WHAT YOU NEED TO DO –
Your output should be everything below from the line containing "Onze gietijzeren producten" down to the line containing "東風天錦小三軸氣瓶運輸車外板", both ends included, copied exactly, with pictures left out.

:: LISTED RECORDS ::

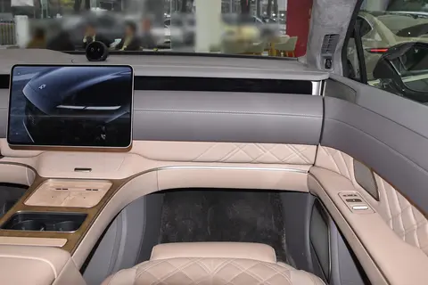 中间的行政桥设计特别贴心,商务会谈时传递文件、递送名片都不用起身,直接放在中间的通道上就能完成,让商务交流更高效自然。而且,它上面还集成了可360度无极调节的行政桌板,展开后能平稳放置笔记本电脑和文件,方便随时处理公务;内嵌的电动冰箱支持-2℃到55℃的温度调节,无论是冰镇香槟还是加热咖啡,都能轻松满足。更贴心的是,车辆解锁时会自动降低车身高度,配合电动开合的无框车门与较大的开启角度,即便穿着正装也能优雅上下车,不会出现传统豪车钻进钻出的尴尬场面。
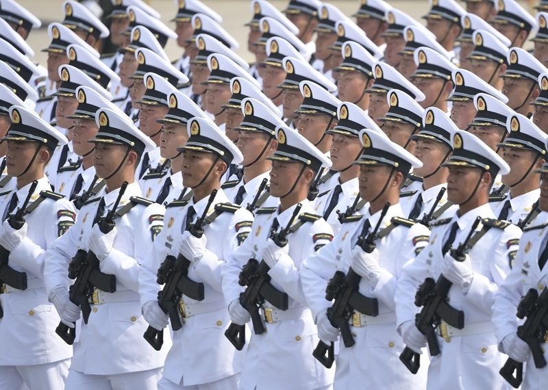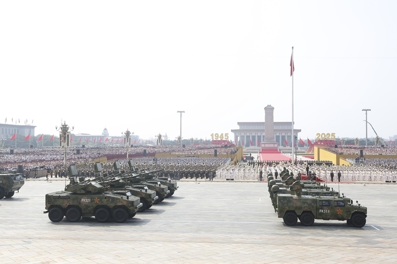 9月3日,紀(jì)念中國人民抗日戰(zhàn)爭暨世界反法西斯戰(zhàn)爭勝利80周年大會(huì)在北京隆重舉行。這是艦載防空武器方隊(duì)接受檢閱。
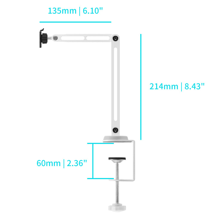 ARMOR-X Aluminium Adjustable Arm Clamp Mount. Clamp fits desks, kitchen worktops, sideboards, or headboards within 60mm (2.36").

:::
:: LISTED RECORDS ::

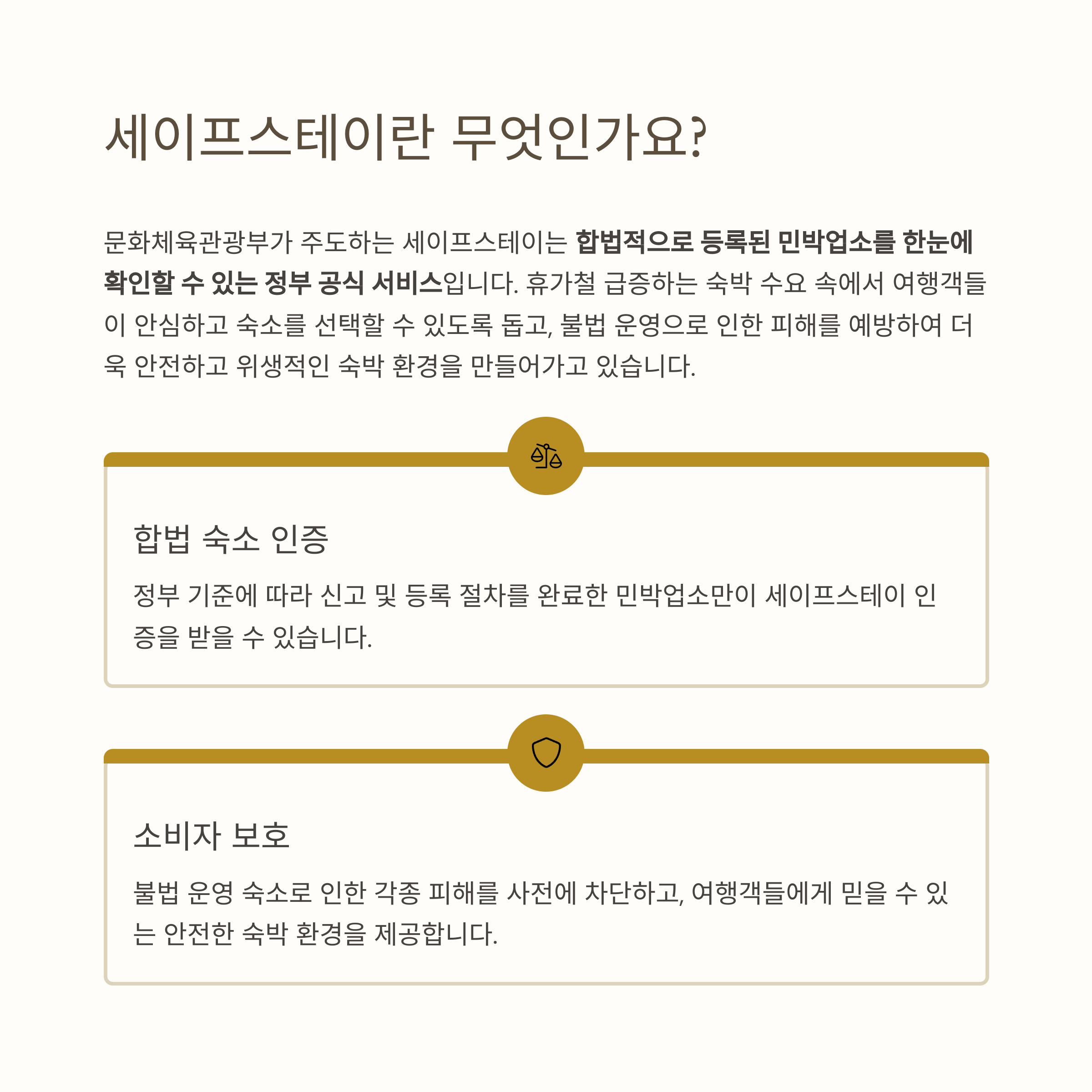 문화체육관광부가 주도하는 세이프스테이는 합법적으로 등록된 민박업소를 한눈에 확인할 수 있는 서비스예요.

:::
:: LISTED RECORDS ::

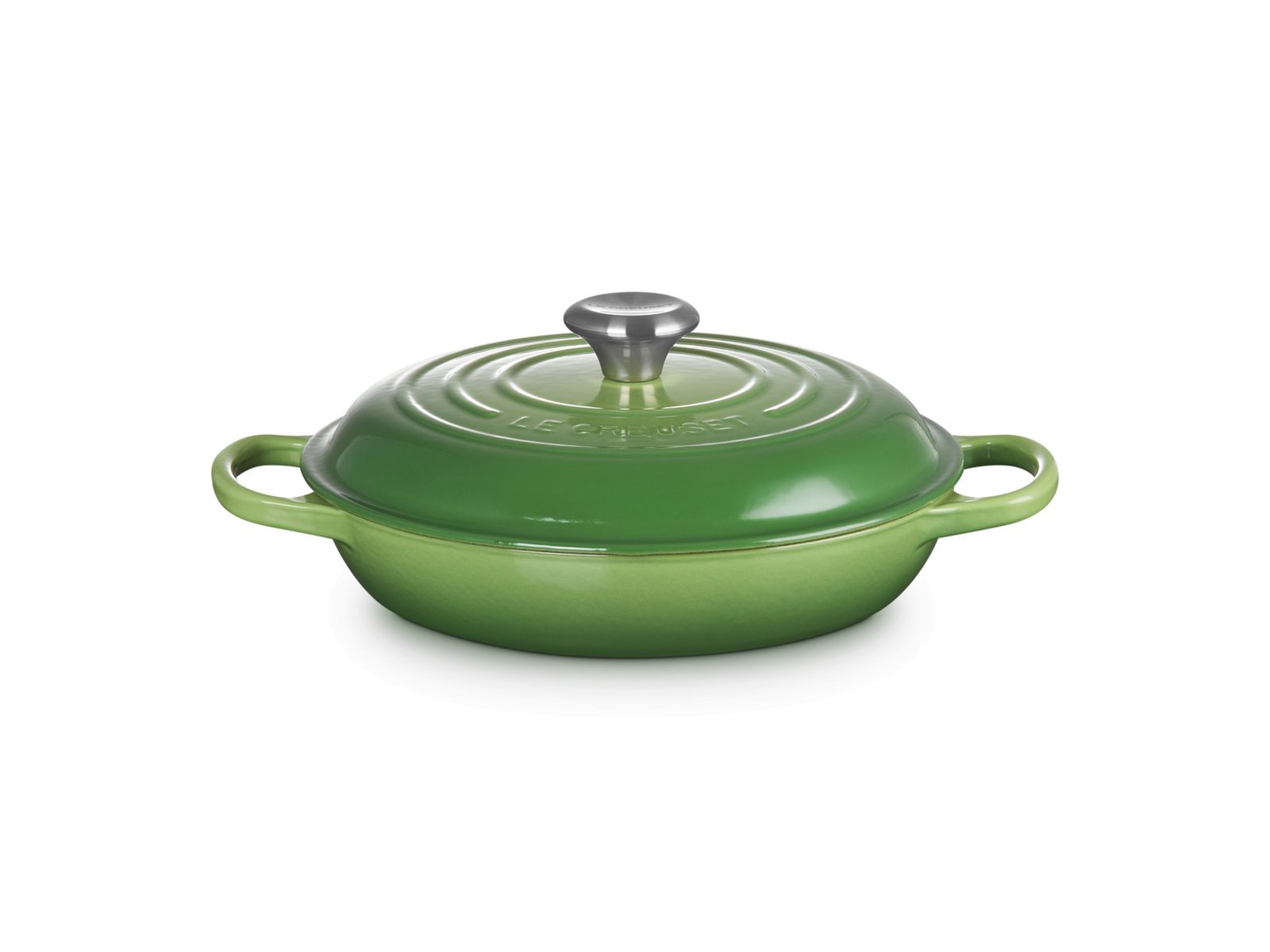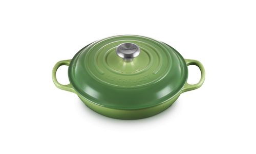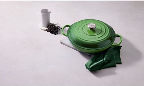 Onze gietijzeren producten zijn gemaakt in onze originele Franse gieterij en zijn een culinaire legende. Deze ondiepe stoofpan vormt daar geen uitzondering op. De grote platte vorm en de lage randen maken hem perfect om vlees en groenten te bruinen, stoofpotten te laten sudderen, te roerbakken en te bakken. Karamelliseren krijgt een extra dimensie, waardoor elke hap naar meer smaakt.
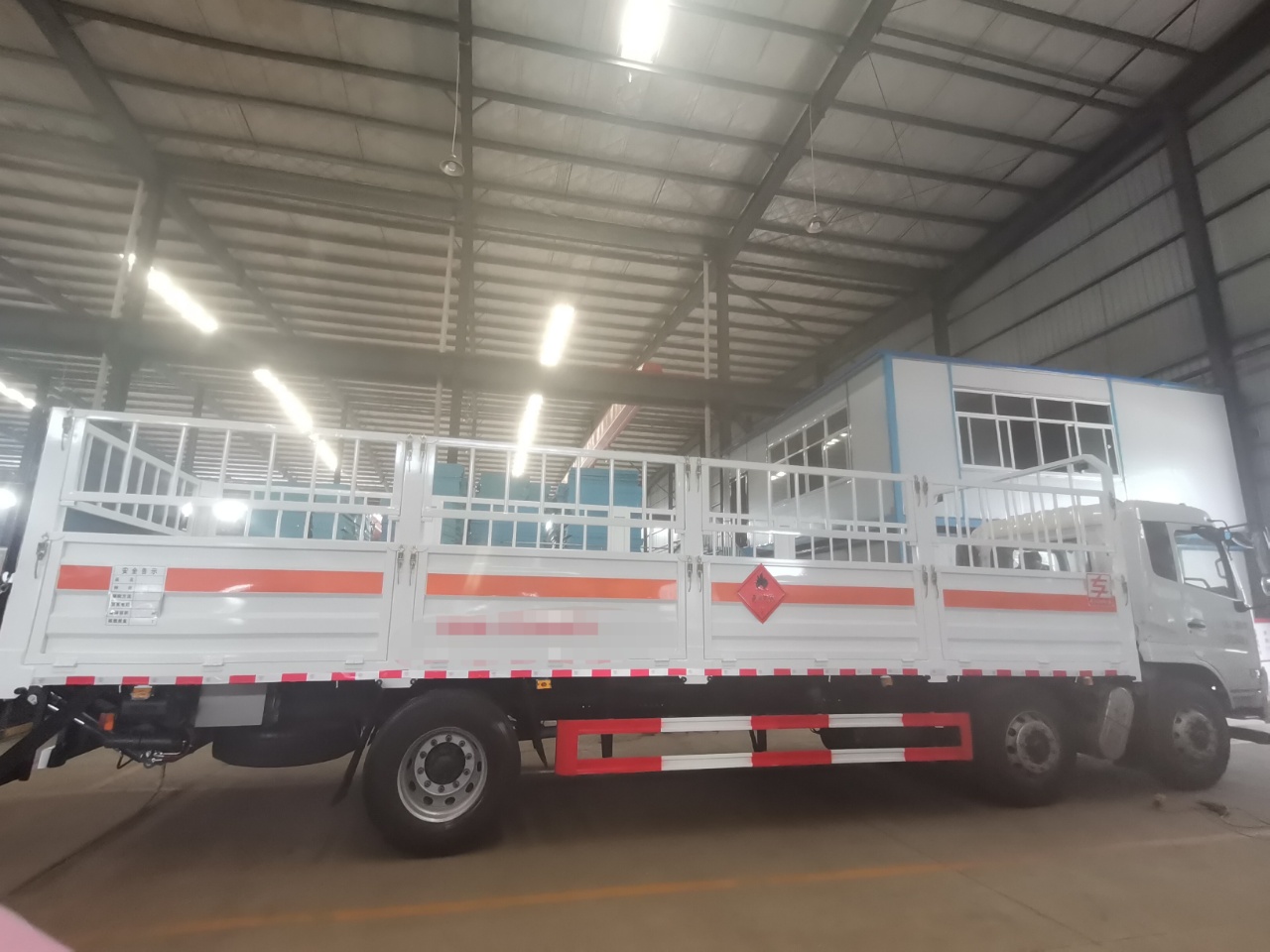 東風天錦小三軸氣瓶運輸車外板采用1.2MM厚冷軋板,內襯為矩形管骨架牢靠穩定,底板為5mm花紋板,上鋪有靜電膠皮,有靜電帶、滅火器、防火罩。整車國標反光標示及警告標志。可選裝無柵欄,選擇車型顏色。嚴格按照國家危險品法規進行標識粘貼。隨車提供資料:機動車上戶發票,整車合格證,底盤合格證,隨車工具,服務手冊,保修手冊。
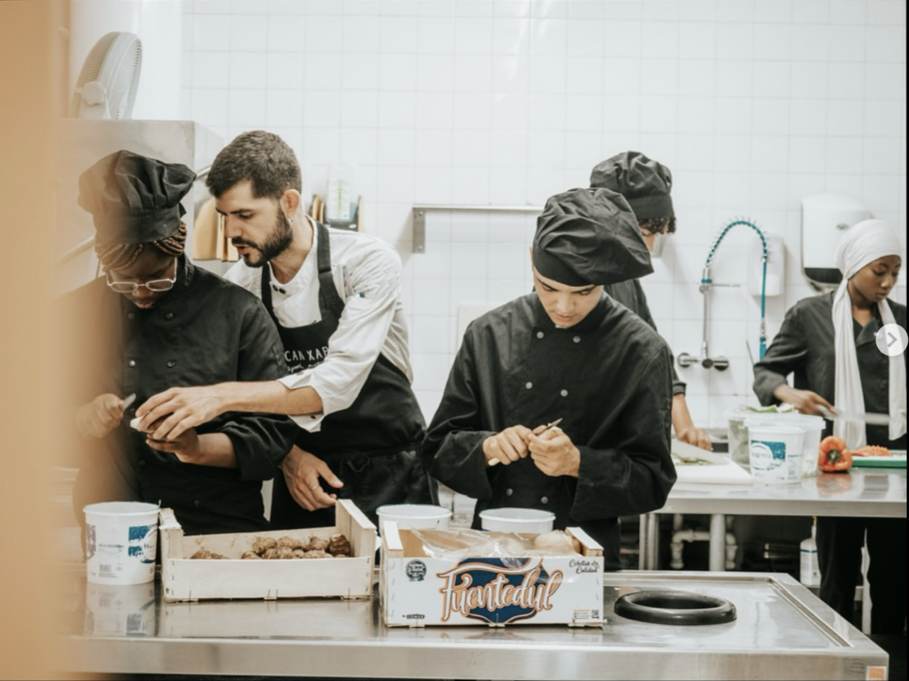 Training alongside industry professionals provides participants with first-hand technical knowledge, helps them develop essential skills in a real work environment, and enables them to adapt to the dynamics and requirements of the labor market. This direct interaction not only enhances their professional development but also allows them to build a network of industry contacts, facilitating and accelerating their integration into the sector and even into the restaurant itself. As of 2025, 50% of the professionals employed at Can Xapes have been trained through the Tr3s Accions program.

:::

RESPONSE TO THIS TASK –
 Onze gietijzeren producten zijn gemaakt in onze originele Franse gieterij en zijn een culinaire legende. Deze ondiepe stoofpan vormt daar geen uitzondering op. De grote platte vorm en de lage randen maken hem perfect om vlees en groenten te bruinen, stoofpotten te laten sudderen, te roerbakken en te bakken. Karamelliseren krijgt een extra dimensie, waardoor elke hap naar meer smaakt.
 東風天錦小三軸氣瓶運輸車外板采用1.2MM厚冷軋板,內襯為矩形管骨架牢靠穩定,底板為5mm花紋板,上鋪有靜電膠皮,有靜電帶、滅火器、防火罩。整車國標反光標示及警告標志。可選裝無柵欄,選擇車型顏色。嚴格按照國家危險品法規進行標識粘貼。隨車提供資料:機動車上戶發票,整車合格證,底盤合格證,隨車工具,服務手冊,保修手冊。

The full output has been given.